# Bad Vapes



## Arthster (7/8/14)

Hi guys. I wonder if I am doing something wrong. I love vanilla as a smell and taste. Vanilla milk is the bomb... but vanilla juice is well am yeah. Here in lies my question. Am I doing it wrong the vanilla juice I have gives off a nasty bitter flavour and burns like hell... more like tobasco and beer then vanilla. do I have wattage to high (7 - 8.5) running rms?


----------



## Tweetie Pie (7/8/14)

I've tride all tipes of vanilla juices, it is BAD, hate the taste, I also want a nice vanilla vape. But can't seem to find it.


----------



## Arthster (7/8/14)

Tweetie Pie said:


> I've tride all tipes of vanilla juices, it is BAD, hate the taste, I also want a nice vanilla vape. But can't seem to find it.


Thanks. Seemz im stuck with spearment menthol for a while


----------



## Alex (7/8/14)

Arthster said:


> Hi guys. I wonder if I am doing something wrong. I love vanilla as a smell and taste. Vanilla milk is the bomb... but vanilla juice is well am yeah. Here in lies my question. Am I doing it wrong the vanilla juice I have gives off a nasty bitter flavour and burns like hell... more like tobasco and beer then vanilla. do I have wattage to high (7 - 8.5) running rms?


 
What device are you using? it could be a bum coil.


----------



## Arthster (7/8/14)

Alex said:


> What device are you using? it could be a bum coil.


Using a Vamo v5 with both kangertech 2 and 3... mint works fine on both but the vanilla is really bad.


----------



## TylerD (7/8/14)

Best Vanilla juices will be from Nicoticket! The vanilla in their juices are what makes them so awesome IMO.

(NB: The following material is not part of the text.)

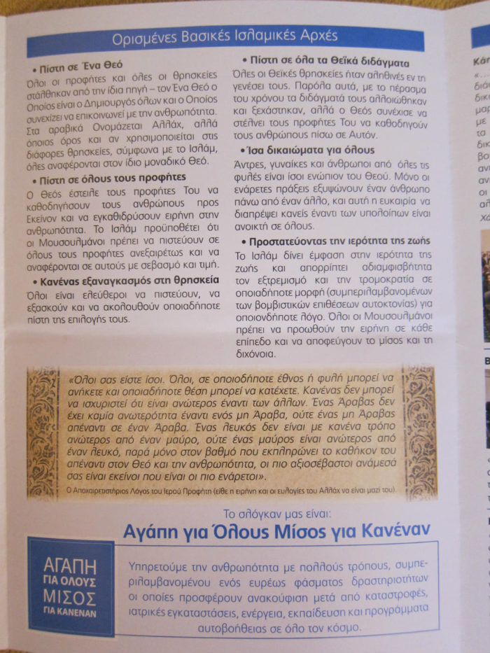 Στο φύλλαδιο εξάρουν το Ισλάμ παρουσιάζοντάς το ως θρησκεία αγάπης και με απόσπασμα απο το Κοράνι ζητούν “να δείχνετε καλοσύνη στους γονείς, στους συγγενείς, στα ορφανά, στους φτωχούς, στον γείτονα που είναι συμπατριώτης και στον γείτονα που είναι ξένος”. Ειδικά η τελευταία φράση έχει ξεκάθαρο στόχο το προσφυγικό ζήτημα.

Reactions: Agree 5 | Informative 1


----------



## BumbleBee (7/8/14)

It could just be that you have crappy ass juice, what brand are you using and what is the nic level? the nic could also be too high. I am also a big fan of vanilla, I am going to be stoned for this but I have found the Hangsen Vanilla to be the best (for me) so far but, however I had ONE bottle that was clearly old and tasted like toejam and sweat, this put me off vanilla for quite a while. VapeKing's vanilla gave me an instant headache, I suspect they use a natural vanilla extract. Another thought; juices with higher PG content may also cause the scratchy burning issue... basically try more varieties before you ditch the flavour completely.

Reactions: Like 1


----------



## RoSsIkId (7/8/14)

Liqua vanilla taste very very good. But nicoticket frenilla is the bomb


----------



## Tom (7/8/14)

TylerD said:


> Best Vanilla juices will be from Nicoticket! The vanilla in their juices are what makes them so awesome IMO.


+1


----------



## NickT (7/8/14)

As much as I love vanilla and custard in the real world, in a juice it makes me feel physically ill. Most upsetting.

Reactions: Like 1


----------



## Arthster (7/8/14)

BumbleBee said:


> It could just be that you have crappy ass juice, what brand are you using and what is the nic level? the nic could also be too high. I am also a big fan of vanilla, I am going to be stoned for this but I have found the Hangsen Vanilla to be the best (for me) so far but, however I had ONE bottle that was clearly old and tasted like toejam and sweat, this put me off vanilla for quite a while. VapeKing's vanilla gave me an instant headache, I suspect they use a natural vanilla extract. Another thought; juices with higher PG content may also cause the scratchy burning issue... basically try more varieties before you ditch the flavour completely.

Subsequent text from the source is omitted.